--- Data extract Enclosed Below ---

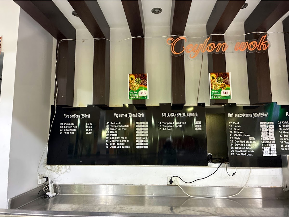 The menu at Ceylon Wok offers a delightful range of dishes that cater to a variety of tastes and preferences, bringing the authentic flavors of Sri Lanka to Melbourne. For meat lovers, the Lamb Curry, Chili Chicken Curry, Deviled Beef Curry, and Fish Curry are rich in spice and depth, providing hearty options for those seeking a flavorful and filling meal. On the vegetarian side, there's an array of aromatic curries like Eggplant Moju, Tempered Potato/Potato Curry, Beans Curry Seeni Sambol, and Red Lentil (Dhal) Curry, each offering a unique combination of spices that celebrate the vibrant vegetarian cuisine of Sri Lanka.
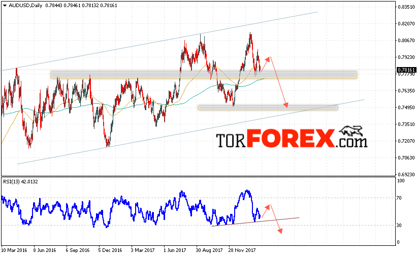 Таким образом, Форекс прогноз AUD/USD на 26 февраля — 2 марта 2018 предполагает попытку теста уровня 0.7940 и начала падения ниже уровня 0.7490, в пользу падения пары выступает формирование разводной модели на индикаторе относительной силы, отменой варианта падения станет пробой области 0.8070, что укажет на пробой уровня сопротивления и продолжение роста пары.
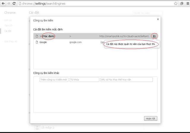 Công cụ tìm kiếm bị thay thế bằng đường dẫn http://smartsputnik.ru khả nghi - Ảnh https://productforums.google.com
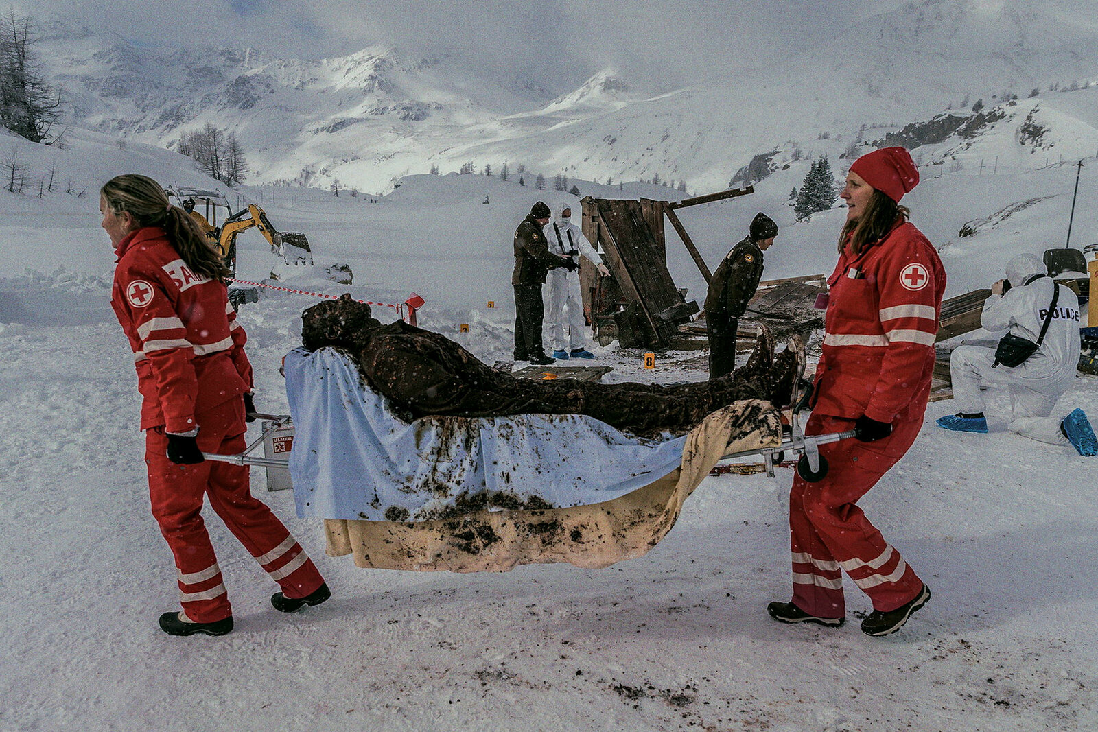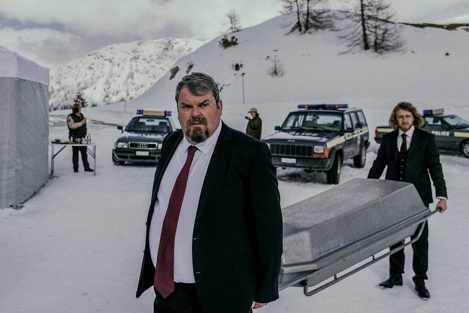 RossgaglaTschugger Staffel 1 Shining Film AG Rafael Kistler Johannes Bachmann, Arnold B. Bucher, David Constantin, Rafael Kistler, Leandro Russo, Mats Frey 2021 Folge 3 Hauptmotiv 3 Cedric Schild als Smetterling (auf der Bahre) SRF/Dominic SteinmannBild: © SRF2

--- End of Enclosed Data extract ---

Aim of the task:
The answer should contain only the lines from the one with "Công cụ tìm" through the last line of the material, given word for word and without pictures.

Exercise solution:
 Công cụ tìm kiếm bị thay thế bằng đường dẫn http://smartsputnik.ru khả nghi - Ảnh https://productforums.google.com
 RossgaglaTschugger Staffel 1 Shining Film AG Rafael Kistler Johannes Bachmann, Arnold B. Bucher, David Constantin, Rafael Kistler, Leandro Russo, Mats Frey 2021 Folge 3 Hauptmotiv 3 Cedric Schild als Smetterling (auf der Bahre) SRF/Dominic SteinmannBild: © SRF2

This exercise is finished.